Van Straaten, oprichter van de hulporganisatie ‘Kerk in Nood’, die in de naoorlogse periode beroemd werd als ‘spekpater’ en succesvolle fondsenwerver, wordt in 1973 beschuldigd van het seksueel misbruiken van een jonge vrouw. Volgens een rapport in het Duitse magazine ‘Christ & Welt’ werden decennia later aanzienlijke bedragen aan schadevergoeding aan slachtoffers betaald. Het gaat daarbij in ieder geval om twee bedragen ter grootte van 20.000 en 16.000 Euro.

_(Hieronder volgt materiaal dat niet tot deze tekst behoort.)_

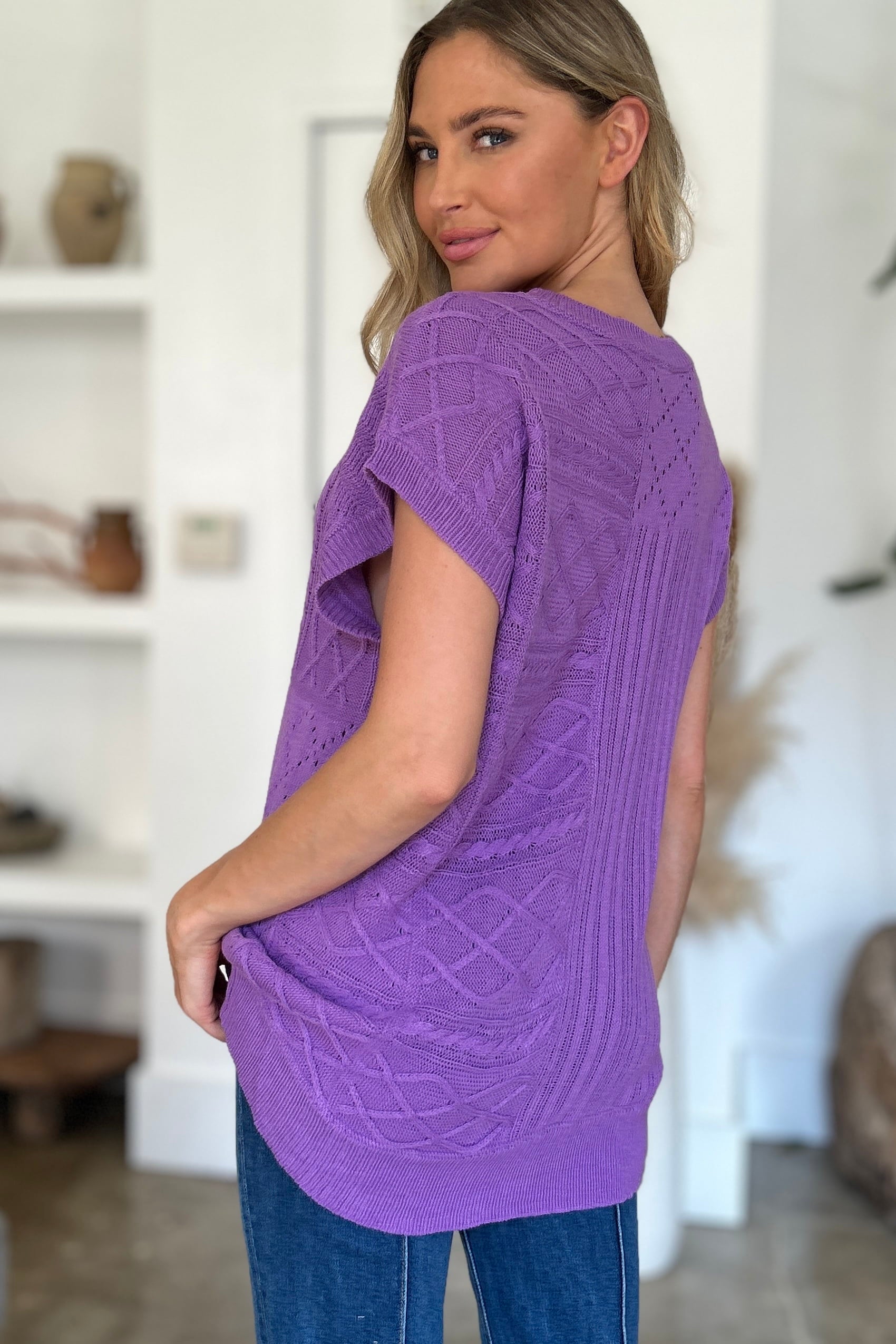 Double Take Full Size Cable-Knit Round Neck Cap Sleeve Sweater
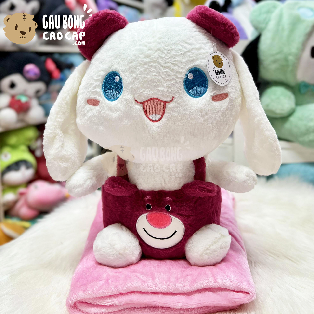 Trang Chủ / Gấu Bông Cao Cấp / Thú Bông / Thỏ Bông / Thỏ Bông Cinnamoroll / Gấu Bông Cinnamoroll Mặc Yếm Lotso có mền 2in1 – Hồng Đậm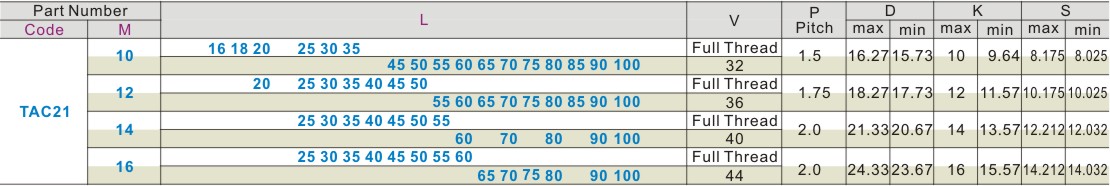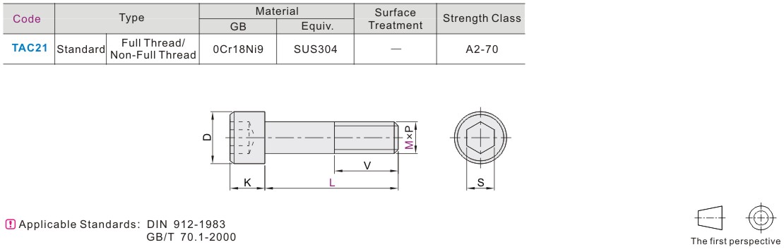Hexagon socket head cap screw standard type full/half thread coarse thread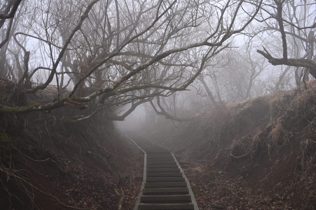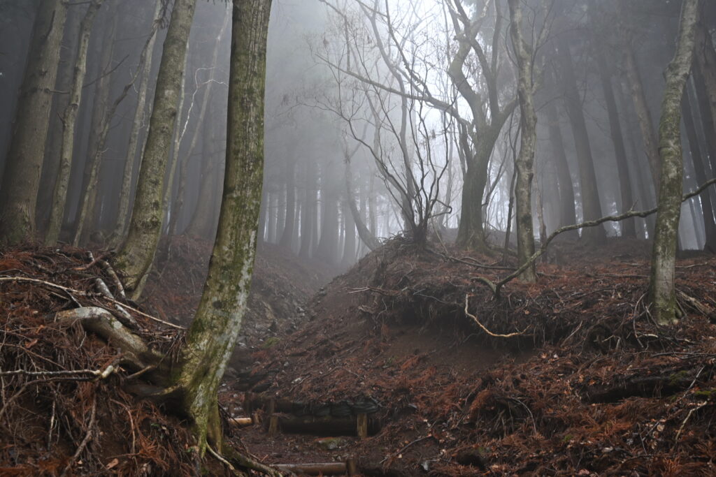 登り始めて20分ほどで、ついに雨が降ってきた。

De procureur-generaal van de Premonstratenzer Orde, Bernard Ardura, zei dat er nooit een initiatief is genomen om de populaire Pater zalig te verklaren. Ardura gaf geen commentaar op de aantijgingen tegen van Straaten. In de Romeinse Congregatie voor Heiligverklaring werd verklaard dat de autoriteit nog nooit een dergelijke procedure heeft geopend, noch hierover is gecontacteerd.
Gewoonlijk kan een Zaligverklaring pas vijf jaar na iemands dood beginnen; in het geval van Straatens zou dat 2008 zijn geweest. Volgens het bericht in ‘Christ & Welt’ waren de aantijgingen tegen hem in het Vaticaan en bij ‘Kerk in Nood’ al tien jaar bekend.